Apache restart causing problems

huan

Verified User
Joined
Mar 7, 2005
Messages
30
Location
Poland
Every now and then when Directadmin restarts Apache in order to update httpd.conf the server is unavailable for a few minutes. The same is when I use 'service httpd restart'. The server needs few minutes for loading all users httpd.conf files (almost 300 files). This is getting very irritating for my customers. Is there any possibility to speed up the restart process.

I remember that in CPanel where all data are in one httpd.conf file the restart was taking only few seconds with similar load and similar number of sites.

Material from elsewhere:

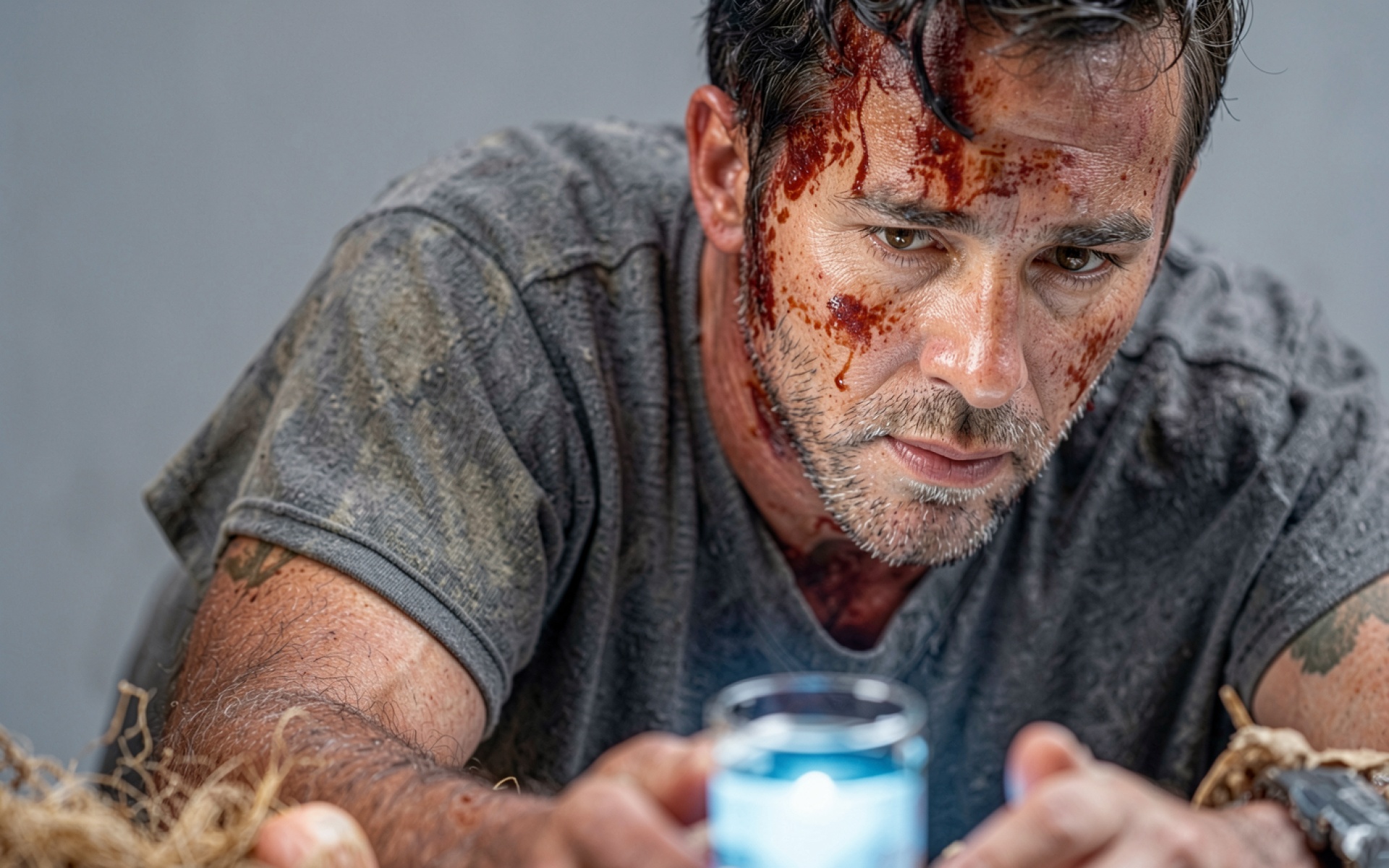 Мужчина с кровью на лице в темной комнате

The server is Dual Xeon, 4GB RAM and CentOS 4
 
I've the same problem on FreeBSD.

I discovered that it's releated to my FreeBSD=>5.3 versions upgrade. I remember it was OK on the earlier FreeBSD versions (like FreeBSD 5.2). Maybe file handling performance was better in older versions.

I've removed /usr/local/etc/rc.d/httpd script and now I am restarting apache within my own script once a day in the night.

It will be nice to speedup Apache restart and come back to live reloads. Anyone with ideas?
 
Hello,

When you restart apache by hand via ssh.. what do you see and how long does it last?

The httpd restart scripts have a "counter" that checks to make sure all httpd processes have stopped before trying to restart it. If not, it waits 1 second, recounts and checks again.

Try running the restart manually to see if it's maybe stucking waiting for a child process that isn't quitting.

John
 
Hello,

I'm sure what I mean. It's not caused by counter. For example "apachectl configtest" is as slow as start.

There is performance problem when you have a lot of virtualhosts - Apache start is very slow, because it needs to include all user httpd.conf files. Scanning these all files is very very slow when there are hundreds users on server.

I don't know how to resolve it. I guess DirectAdmin should be rewritten to keep one httpd.conf file. This seems to be OS-independend. I've this issue on FreeBSD, Przemek on CentOS.

sysadm
 
Your suggestion has it's own set of problems because a huge monolithic file would have to be completely rebuilt every time a domain was added, deleted, or changed.